Example: Modifying the nlp object
For many use cases, you don't necessarily want to implement the whole Language
subclass and language data from scratch – it's often enough to make a few small
modifications, like adjusting the
tokenization rules or
language defaults like stop words. The config lets you
provide three optional callback functions that give you access to the
language class and nlp
object at different points of the lifecycle:
Callback | Description |
---|---|
before_creation |
Called before the nlp object is created and receives the language subclass like English (not the instance). Useful for writing to the Language.Defaults . |
after_creation |
Called right after the nlp object is created, but before the pipeline components are added to the pipeline and receives the nlp object. Useful for modifying the tokenizer. |
after_pipeline_creation |
Called right after the pipeline components are created and added and receives the nlp object. Useful for modifying pipeline components. |
The @spacy.registry.callbacks
decorator lets you register your custom function
in the callbacks
registry under a given name. You
can then reference the function in a config block using the @callbacks
key. If
a block contains a key starting with an @
, it's interpreted as a reference to
a function. Because you've registered the function, spaCy knows how to create it
when you reference "customize_language_data"
in your config. Here's an example
of a callback that runs before the nlp
object is created and adds a few custom
tokenization rules to the defaults:
config.cfg
[nlp.before_creation] @callbacks = "customize_language_data"
### functions.py {highlight="3,6"}
import spacy
@spacy.registry.callbacks("customize_language_data")
def create_callback():
def customize_language_data(lang_cls):
lang_cls.Defaults.suffixes = lang_cls.Defaults.suffixes + (r"-+$",)
return lang_cls
return customize_language_data
Remember that a registered function should always be a function that spaCy calls to create something. In this case, it creates a callback – it's not the callback itself.
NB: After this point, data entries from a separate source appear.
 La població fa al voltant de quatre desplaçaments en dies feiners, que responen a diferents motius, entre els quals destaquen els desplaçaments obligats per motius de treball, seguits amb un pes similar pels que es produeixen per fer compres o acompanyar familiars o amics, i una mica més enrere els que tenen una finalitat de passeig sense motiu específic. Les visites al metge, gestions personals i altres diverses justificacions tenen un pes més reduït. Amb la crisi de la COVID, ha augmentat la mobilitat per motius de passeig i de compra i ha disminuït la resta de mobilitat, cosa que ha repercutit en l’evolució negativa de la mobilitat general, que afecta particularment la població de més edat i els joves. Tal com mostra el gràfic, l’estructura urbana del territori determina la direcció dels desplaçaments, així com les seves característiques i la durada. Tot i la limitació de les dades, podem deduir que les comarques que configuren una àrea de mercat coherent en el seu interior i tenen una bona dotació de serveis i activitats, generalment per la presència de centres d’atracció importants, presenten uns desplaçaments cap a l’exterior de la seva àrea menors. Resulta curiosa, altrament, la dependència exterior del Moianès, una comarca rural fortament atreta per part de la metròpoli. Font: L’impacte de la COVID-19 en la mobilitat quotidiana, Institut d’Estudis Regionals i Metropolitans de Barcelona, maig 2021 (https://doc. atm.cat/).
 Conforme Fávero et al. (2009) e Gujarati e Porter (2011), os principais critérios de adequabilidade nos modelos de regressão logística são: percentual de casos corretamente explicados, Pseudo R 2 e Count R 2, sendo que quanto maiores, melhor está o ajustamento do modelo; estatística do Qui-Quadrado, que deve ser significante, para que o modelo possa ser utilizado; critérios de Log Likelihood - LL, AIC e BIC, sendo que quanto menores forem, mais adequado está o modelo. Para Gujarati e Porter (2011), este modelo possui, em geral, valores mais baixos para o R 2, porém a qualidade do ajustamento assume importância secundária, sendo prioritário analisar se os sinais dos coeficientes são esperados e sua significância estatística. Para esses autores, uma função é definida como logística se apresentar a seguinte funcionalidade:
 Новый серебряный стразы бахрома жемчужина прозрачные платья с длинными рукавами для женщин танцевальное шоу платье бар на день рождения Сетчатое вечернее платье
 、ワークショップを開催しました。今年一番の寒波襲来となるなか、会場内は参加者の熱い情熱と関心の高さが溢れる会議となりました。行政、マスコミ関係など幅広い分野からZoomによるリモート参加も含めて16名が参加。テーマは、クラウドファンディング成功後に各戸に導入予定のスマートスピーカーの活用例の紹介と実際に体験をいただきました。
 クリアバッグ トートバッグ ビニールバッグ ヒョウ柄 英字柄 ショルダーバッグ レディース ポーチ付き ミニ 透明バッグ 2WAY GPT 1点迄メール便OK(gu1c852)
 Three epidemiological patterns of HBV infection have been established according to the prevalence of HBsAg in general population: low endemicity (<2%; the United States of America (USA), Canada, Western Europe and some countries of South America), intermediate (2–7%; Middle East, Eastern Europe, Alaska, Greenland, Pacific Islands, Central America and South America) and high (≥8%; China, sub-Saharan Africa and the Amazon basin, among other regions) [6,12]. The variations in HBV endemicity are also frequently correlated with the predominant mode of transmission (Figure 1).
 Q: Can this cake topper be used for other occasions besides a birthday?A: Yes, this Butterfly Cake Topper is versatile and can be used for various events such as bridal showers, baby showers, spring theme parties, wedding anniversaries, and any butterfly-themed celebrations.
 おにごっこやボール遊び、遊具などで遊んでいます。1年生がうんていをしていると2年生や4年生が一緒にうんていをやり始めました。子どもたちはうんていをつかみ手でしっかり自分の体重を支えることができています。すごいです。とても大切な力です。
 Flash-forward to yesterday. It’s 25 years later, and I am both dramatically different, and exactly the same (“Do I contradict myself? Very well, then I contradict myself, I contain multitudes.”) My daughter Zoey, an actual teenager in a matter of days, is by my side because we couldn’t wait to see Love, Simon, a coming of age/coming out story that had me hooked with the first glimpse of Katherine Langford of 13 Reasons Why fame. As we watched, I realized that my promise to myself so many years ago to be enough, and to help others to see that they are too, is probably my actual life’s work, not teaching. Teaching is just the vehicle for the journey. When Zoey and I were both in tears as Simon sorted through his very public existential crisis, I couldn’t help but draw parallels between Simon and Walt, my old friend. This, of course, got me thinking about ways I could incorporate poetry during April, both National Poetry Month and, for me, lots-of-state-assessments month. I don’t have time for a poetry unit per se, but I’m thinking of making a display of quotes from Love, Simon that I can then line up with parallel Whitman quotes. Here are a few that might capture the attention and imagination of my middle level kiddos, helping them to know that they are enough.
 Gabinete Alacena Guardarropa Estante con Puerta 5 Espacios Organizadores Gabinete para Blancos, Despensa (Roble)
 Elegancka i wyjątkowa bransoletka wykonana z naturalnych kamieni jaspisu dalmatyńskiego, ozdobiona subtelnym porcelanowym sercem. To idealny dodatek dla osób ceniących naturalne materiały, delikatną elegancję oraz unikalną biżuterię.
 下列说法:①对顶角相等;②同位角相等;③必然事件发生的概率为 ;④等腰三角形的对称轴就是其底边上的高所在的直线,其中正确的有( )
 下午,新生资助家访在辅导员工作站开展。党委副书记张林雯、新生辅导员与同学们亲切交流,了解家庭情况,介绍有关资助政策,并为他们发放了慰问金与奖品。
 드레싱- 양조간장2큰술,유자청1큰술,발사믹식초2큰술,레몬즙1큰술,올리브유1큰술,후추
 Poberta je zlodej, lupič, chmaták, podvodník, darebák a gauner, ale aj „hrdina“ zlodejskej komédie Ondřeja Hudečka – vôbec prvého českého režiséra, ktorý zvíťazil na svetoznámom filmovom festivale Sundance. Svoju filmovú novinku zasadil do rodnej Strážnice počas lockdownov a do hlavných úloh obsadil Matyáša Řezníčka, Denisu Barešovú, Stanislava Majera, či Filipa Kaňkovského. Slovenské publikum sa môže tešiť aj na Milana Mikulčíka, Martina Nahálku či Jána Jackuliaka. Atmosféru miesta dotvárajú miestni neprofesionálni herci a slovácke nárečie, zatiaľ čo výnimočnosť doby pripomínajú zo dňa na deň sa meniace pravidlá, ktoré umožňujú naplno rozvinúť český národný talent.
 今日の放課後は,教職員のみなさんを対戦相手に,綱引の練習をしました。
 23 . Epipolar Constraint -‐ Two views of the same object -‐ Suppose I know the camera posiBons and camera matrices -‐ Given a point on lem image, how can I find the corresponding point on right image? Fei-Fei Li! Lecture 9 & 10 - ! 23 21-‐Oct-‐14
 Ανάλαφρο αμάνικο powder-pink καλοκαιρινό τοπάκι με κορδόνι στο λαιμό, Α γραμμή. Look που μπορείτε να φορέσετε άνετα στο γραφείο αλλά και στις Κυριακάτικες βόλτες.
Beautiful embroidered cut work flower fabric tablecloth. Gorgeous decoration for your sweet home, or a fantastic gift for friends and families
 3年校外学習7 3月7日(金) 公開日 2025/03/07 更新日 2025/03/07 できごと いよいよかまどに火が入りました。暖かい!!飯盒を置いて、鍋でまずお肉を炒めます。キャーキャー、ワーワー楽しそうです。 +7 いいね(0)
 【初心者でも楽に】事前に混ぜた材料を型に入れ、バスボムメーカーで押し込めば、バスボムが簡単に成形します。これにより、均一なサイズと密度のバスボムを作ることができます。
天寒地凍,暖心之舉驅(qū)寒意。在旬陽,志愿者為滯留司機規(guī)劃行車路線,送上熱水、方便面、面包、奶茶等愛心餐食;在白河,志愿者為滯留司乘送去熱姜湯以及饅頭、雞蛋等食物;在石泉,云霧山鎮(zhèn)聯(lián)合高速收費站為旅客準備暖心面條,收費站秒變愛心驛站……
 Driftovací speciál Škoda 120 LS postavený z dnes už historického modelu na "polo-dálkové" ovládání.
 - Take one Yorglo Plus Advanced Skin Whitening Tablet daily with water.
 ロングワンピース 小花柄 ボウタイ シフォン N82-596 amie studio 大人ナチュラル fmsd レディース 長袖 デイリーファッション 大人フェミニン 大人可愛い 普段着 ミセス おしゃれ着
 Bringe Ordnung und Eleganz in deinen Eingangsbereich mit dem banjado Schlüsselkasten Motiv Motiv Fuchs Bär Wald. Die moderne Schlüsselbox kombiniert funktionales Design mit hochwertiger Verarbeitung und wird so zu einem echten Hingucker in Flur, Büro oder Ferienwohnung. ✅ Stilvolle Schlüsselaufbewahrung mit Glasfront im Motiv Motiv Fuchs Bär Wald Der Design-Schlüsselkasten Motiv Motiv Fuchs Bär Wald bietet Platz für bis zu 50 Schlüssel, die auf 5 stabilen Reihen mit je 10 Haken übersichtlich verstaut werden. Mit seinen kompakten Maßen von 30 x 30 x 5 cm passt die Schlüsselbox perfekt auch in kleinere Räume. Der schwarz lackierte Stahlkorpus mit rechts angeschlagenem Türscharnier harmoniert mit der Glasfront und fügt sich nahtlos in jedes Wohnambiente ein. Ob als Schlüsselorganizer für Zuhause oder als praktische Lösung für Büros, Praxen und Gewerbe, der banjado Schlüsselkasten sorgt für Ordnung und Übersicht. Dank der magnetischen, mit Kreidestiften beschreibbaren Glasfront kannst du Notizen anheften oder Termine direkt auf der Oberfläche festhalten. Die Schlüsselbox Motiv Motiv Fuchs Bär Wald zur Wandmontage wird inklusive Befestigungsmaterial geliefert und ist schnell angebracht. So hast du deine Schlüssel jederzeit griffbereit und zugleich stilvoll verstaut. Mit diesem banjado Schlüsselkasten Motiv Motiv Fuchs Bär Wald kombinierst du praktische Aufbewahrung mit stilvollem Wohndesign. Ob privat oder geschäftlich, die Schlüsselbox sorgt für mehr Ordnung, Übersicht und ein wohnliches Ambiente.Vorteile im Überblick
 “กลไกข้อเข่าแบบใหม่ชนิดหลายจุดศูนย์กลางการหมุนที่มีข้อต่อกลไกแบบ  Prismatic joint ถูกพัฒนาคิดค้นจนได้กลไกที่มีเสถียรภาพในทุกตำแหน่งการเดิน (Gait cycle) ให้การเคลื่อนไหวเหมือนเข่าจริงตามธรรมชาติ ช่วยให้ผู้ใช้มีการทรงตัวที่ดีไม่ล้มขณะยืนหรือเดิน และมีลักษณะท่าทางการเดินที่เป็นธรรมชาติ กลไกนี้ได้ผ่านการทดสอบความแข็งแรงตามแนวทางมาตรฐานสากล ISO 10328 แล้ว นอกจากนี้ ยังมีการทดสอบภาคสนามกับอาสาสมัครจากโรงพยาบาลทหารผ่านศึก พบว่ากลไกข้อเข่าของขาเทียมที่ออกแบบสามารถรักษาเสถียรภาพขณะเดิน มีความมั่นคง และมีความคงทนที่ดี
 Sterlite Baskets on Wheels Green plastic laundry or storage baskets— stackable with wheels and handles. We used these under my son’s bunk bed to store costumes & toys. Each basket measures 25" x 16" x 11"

Any registered function – in this case create_callback
– can also take
arguments that can be set by the config. This lets you implement and
keep track of different configurations, without having to hack at your code. You
can choose any arguments that make sense for your use case. In this example,
we're adding the arguments extra_stop_words
(a list of strings) and debug
(boolean) for printing additional info when the function runs.
config.cfg
[nlp.before_creation] @callbacks = "customize_language_data" extra_stop_words = ["ooh", "aah"] debug = true
### functions.py {highlight="5,8-10"}
from typing import List
import spacy
@spacy.registry.callbacks("customize_language_data")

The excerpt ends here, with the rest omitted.